For the success of this experiment, it is important that the interaction between the two protein partners used in BiFC conformation is validated by using multiple methods and appropriate controls prior to using them as FRET acceptor. It is advisable to use negative controls such as a mutated form of interacting partner or an unrelated colocalizing protein as a negative interacting partner¹⁶. The negative controls for validating the BiFC interactions between M and C proteins used in this protocol included mutations in the putative binding domain of these proteins, which completely abolished the BiFC signal (Supplementary Figure 1). Moreover, this interaction was also validated by Y2H and FRET methods in different systems.

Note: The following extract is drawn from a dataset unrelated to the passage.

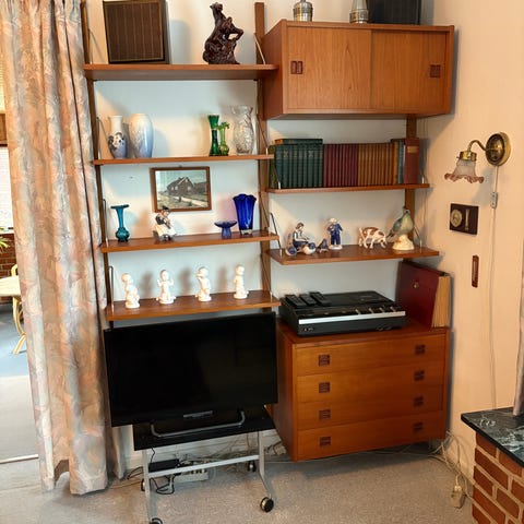 Vangereol i teak med ekstra hylder.

Also, temporal optimization of the expression of proteins in Nicotiana is recommended so that the adverse effects of overexpression of proteins, which may lead to false-positive results, can be minimized. It is also necessary to include the p19 strain along with the agrobacterial strains containing constructs to prevent post-transcriptional gene silencing. p19 is a suppressor of gene silencing from tomato bushy stunt virus and enhances the transformation efficiency up to 90%³⁰. Recently, better versions of the fluorophores, namely, m-turquoise-SYFP2, SYFP2-mRFP, and SCFP3a-SYFP2 have been developed. These can be used as FRET pairs depending on their suitability to the target system and cell type¹¹. The FRET-FLIM measurements should be performed in a minimum of ten cells to obtain statistically significant data. Wherever possible, adding a greater number of samples in the measurements will further improve the quality and reliability of the data. Depending upon the donor fluorophore, the mathematical model to fit the data with the fluorescence lifetime decay curve should be chosen.

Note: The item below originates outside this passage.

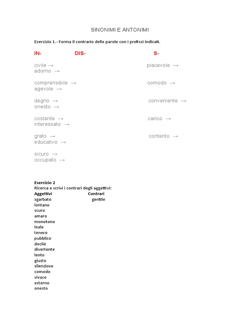 SINONIMI E ANTONIMI

The protocol described here is a powerful tool to determine the tripartite interactions in living cells. It helps determine the intracellular location of the interacting complex, which is important in deciphering the function and physiological significance of any protein complex. It can also resolve the interacting partner's relative concentrations based on the FRET-FLIM data, that cannot be elucidated by intensity measurement methods alone¹⁰. Conclusively, BiFC based FRET-FLIM assay provides an opportunity to study and characterize important aspects of tripartite protein interactions, which can be utilized in animal as well as plant systems.